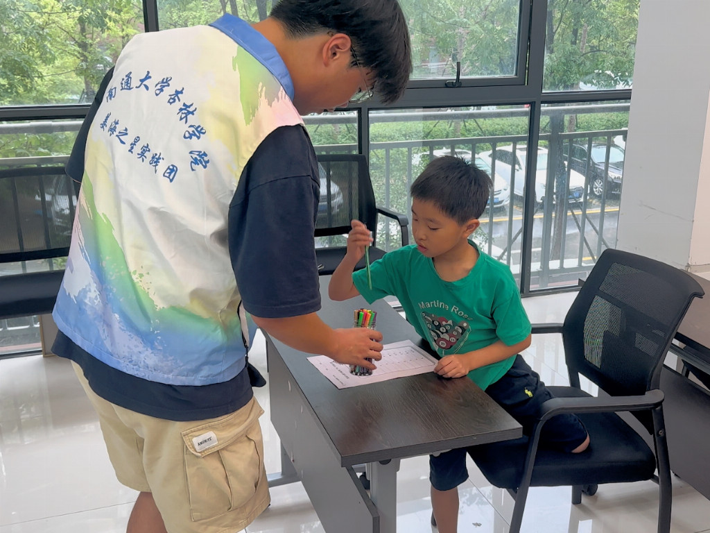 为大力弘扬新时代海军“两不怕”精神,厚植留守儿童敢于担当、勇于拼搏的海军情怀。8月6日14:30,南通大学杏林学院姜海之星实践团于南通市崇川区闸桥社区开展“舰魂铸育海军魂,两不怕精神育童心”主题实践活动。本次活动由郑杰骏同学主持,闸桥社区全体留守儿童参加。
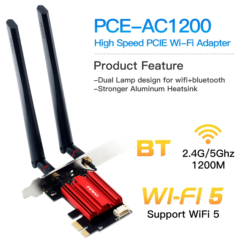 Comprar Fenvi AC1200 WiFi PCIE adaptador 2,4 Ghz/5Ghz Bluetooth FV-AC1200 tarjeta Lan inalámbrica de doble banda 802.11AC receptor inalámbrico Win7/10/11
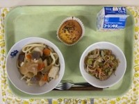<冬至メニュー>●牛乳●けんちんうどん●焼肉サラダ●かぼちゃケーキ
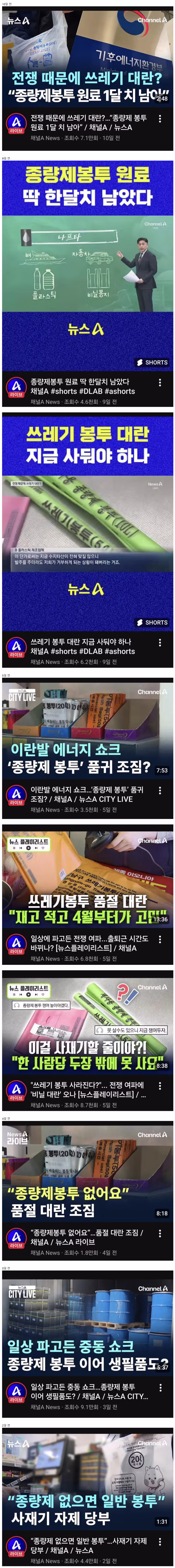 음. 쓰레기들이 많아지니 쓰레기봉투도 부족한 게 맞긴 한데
━━━━━━━━━━━━━━━━
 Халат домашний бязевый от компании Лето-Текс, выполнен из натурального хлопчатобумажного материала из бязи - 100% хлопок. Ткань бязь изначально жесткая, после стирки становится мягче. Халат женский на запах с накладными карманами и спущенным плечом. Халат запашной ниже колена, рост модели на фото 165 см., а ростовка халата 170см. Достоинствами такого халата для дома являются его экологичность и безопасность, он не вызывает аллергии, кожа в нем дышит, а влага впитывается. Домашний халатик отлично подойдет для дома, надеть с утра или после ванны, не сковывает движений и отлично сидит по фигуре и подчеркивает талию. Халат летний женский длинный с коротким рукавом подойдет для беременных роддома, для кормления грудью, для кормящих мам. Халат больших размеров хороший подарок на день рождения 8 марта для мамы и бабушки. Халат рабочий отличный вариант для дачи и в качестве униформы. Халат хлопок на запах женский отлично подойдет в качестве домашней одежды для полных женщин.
━━━━━━━━━━━━━━━━
PROBLEM TO WORK ON: Extract, without any images, the part of the material above that opens with the line containing "Comprar Fenvi AC1200" and closes with the line containing "음. 쓰레기들이 많아지니 쓰레기봉투도 부족한 게 맞긴 한데", both lines included.

RESPONSE TO THE EXERCISE:
 Comprar Fenvi AC1200 WiFi PCIE adaptador 2,4 Ghz/5Ghz Bluetooth FV-AC1200 tarjeta Lan inalámbrica de doble banda 802.11AC receptor inalámbrico Win7/10/11
<冬至メニュー>●牛乳●けんちんうどん●焼肉サラダ●かぼちゃケーキ
 음. 쓰레기들이 많아지니 쓰레기봉투도 부족한 게 맞긴 한데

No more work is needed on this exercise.